Note
This tutorial was generated from a Jupyter notebook that can be downloaded here.
Eclipsing binary: Solving for everything the slow way¶
In this notebook, we’re continuing our tutorial on how to do inference. In this notebook we showed how to use pymc3
to get posteriors over map coefficients of an eclipsing binary light curve, and in this notebook we did the same thing using the analytic linear formalism of starry
.
Here, we are going to solve for everything: the map coefficients and all the orbital parameters of the system. Note that this is an expensive problem to solve (typically several hours on a laptop) since we need to sample in la very high dimensional and somewhat complex space. In this notebook, we use pymc3
to sample in all the parameters, including the map coefficients. This is therefore the slow way of doing this. As we will see in the next
notebook, we can take advantage of the best of both worlds: sample the non-linear orbital parameters while analytically marginalizing over the map coefficients.
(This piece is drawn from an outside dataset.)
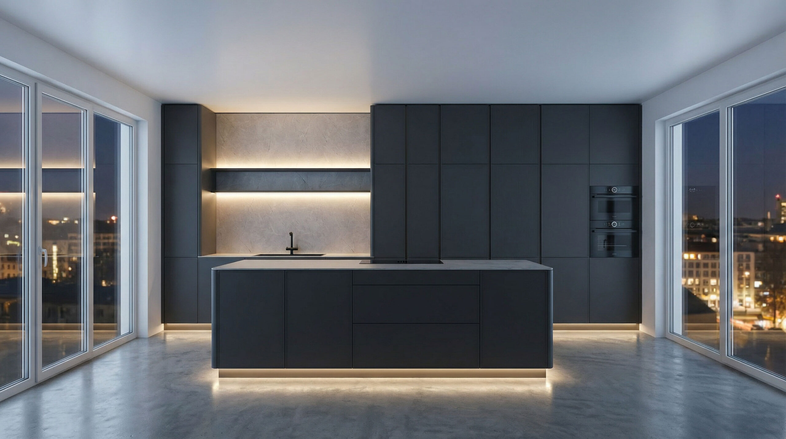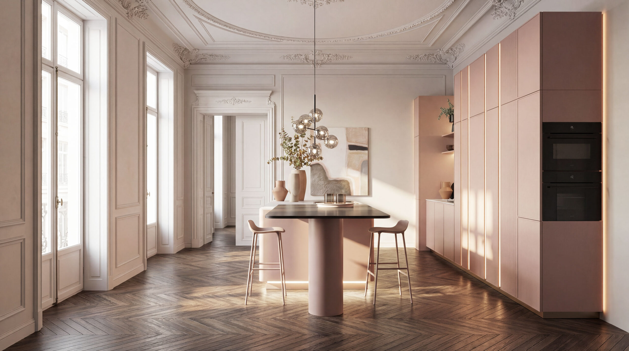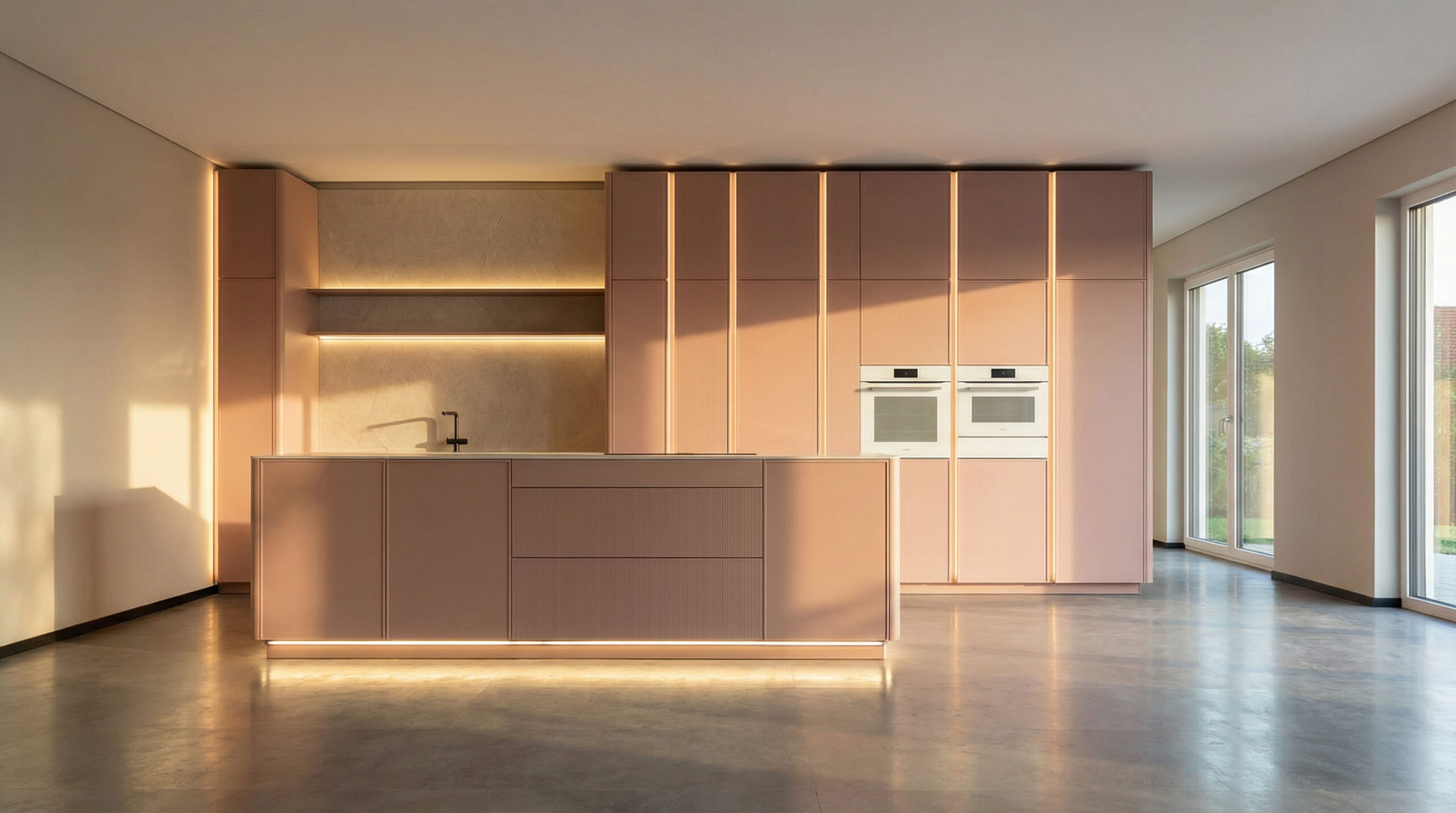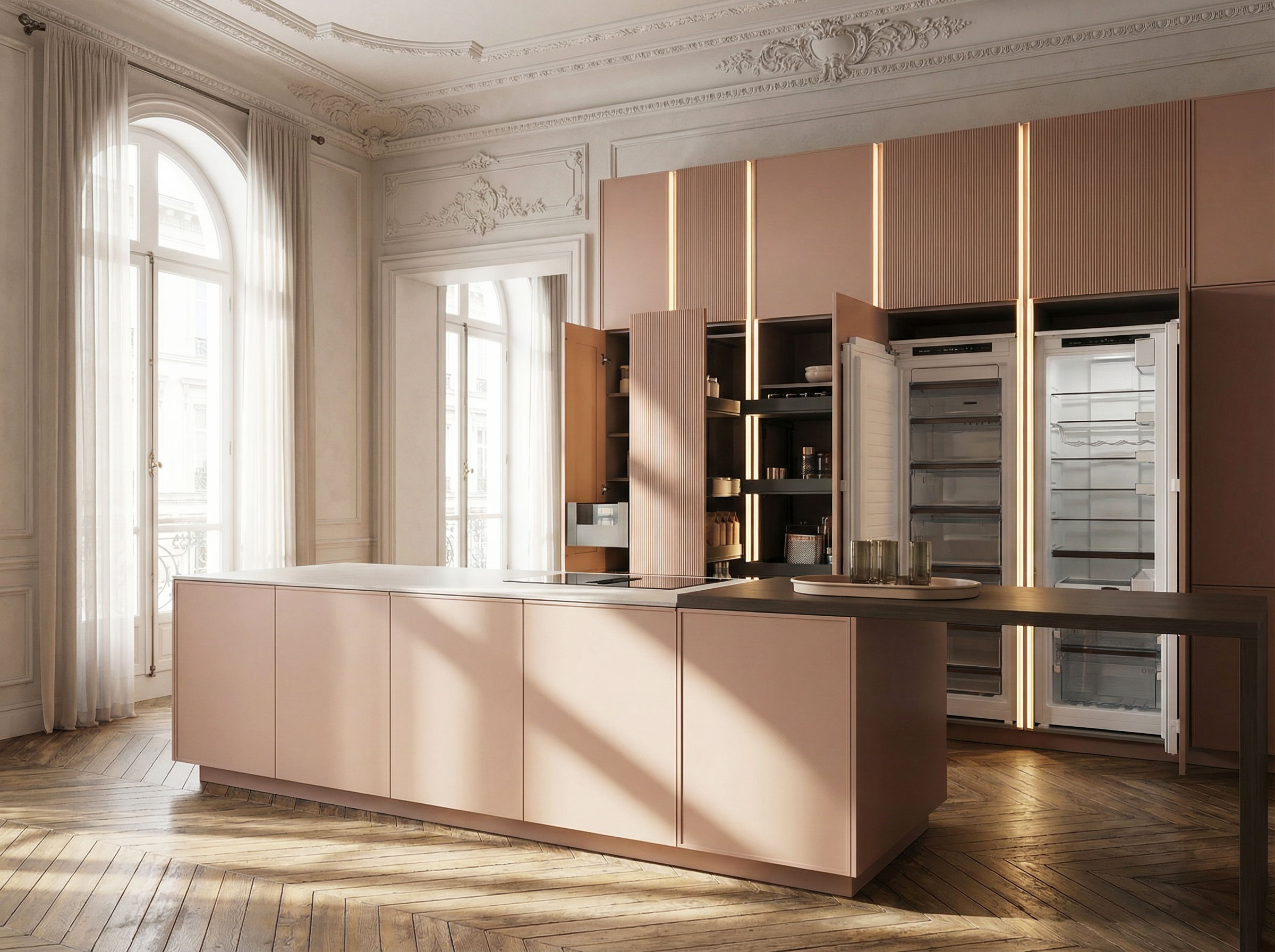 Die Fronten in Blush strukturmatt verleihen der Küche eine außergewöhnlich ruhige, fast samtige Ausstrahlung. Die matte Oberfläche fühlt sich angenehm an und wirkt zeitlos elegant – unaufdringlich, aber voller Charakter. Dazu bildet geräucherte Eiche einen warmen, natürlichen Gegenpol. Ihre dunkle Maserung bringt Tiefe in den Raum und sorgt für ein wohnliches Ambiente, das weit über klassische Küchengestaltung hinausgeht. Abgerundete Wangen, flächenbündige Frontverlängerungen und grifflose Elemente lassen die Küche wie aus einem Guss erscheinen. Die Linien sind klar, die Übergänge weich – nichts stört, alles wirkt durchdacht. Ein echtes Highlight ist die senkrechte Griffleistenbeleuchtung: dezent integriert, schafft sie Atmosphäre und Orientierung zugleich. Am Abend wird die Küche zur Bühne – sanft beleuchtet, stilvoll inszeniert.

Here, however, we’ll solve the full problem using pymc3
for comparison later.
Note that since we’re using pymc3, we need to enable lazy evaluation mode in starry.
[3]:
import matplotlib
import matplotlib.pyplot as plt
import numpy as np
import pymc3 as pm
import exoplanet as xo
import os
import starry
from corner import corner
import theano.tensor as tt
from tqdm.notebook import tqdm
np.random.seed(12)
starry.config.lazy = True
starry.config.quiet = True
Load the data¶
Let’s load the EB dataset:
[5]:
data = np.load("eb.npz", allow_pickle=True)
A = data["A"].item()
B = data["B"].item()
t = data["t"]
flux = data["flux"]
sigma = data["sigma"]
Here’s the light curve we’re going to do inference on:
[6]:
fig, ax = plt.subplots(1, figsize=(12, 5))
ax.plot(t, flux, "k.", alpha=0.5, ms=4)
ax.set_xlabel("time [days]", fontsize=24)
ax.set_ylabel("normalized flux", fontsize=24);
We now instantiate the primary, secondary, and system objects within a pm.Model()
context. Here are the priors we are going to assume for the parameters of the primary:
Parameter |
True Value |
Assumed Value / Prior |
Units |
---|---|---|---|
amp |
1.0 |
N(1.0,0.12) |
− |
r |
1.0 |
N(0.95,0.12) |
R⊙ |
m |
1.0 |
N(1.05,0.12) |
M⊙ |
Prot |
1.25 |
N(1.25,0.012) |
days |
i |
80.0 |
N(80.0,5.02) |
deg |
u1 |
0.40 |
0.40 |
− |
u2 |
0.25 |
0.25 |
− |
And here are the priors we are going to assume for the secondary:
Parameter |
True Value |
Assumed Value / Prior |
Units |
---|---|---|---|
amp |
0.1 |
N(0.1,0.012) |
− |
r |
0.7 |
N(0.75,0.12) |
R⊙ |
m |
0.7 |
N(0.70,0.12) |
M⊙ |
Prot |
0.625 |
N(0.625,0.012) |
days |
Porb |
1.0 |
N(1.01,0.012) |
days |
t0 |
0.15 |
N(0.15,0.0012) |
days |
i |
80.0 |
N(80.0,5.02) |
deg |
e |
0.0 |
0.0 |
− |
Ω |
0.0 |
0.0 |
deg |
u1 |
0.20 |
0.20 |
− |
u2 |
0.05 |
0.05 |
− |
Above, N denotes a 1-d normal prior with a given mean and variance. Note that for simplicity we are fixing the limb darkening coefficients at their true value.
As in the previous notebooks, we’ll assume a gaussian priors for both sets of spherical harmonic coefficients.
[7]:
with pm.Model() as model:
# Some of the gaussians have significant support at < 0
# Let's force them to be positive (required for quantites
# such as radius, mass, etc.)
# NOTE: When using `pm.Bound`, it is *very important* to
# explicitly define a `testval` -- otherwise this defaults
# to unity. Since the `testval` is used to initialize the
# optimization step, it's very important we start at
# reasonable values, otherwise things will never converge!
PositiveNormal = pm.Bound(pm.Normal, lower=0.0)
# Primary
A_inc = pm.Normal("A_inc", mu=80, sd=5, testval=80)
A_amp = pm.Normal("A_amp", mu=1.0, sd=0.1, testval=1.0)
A_r = PositiveNormal("A_r", mu=0.95, sd=0.1, testval=0.95)
A_m = PositiveNormal("A_m", mu=1.05, sd=0.1, testval=1.05)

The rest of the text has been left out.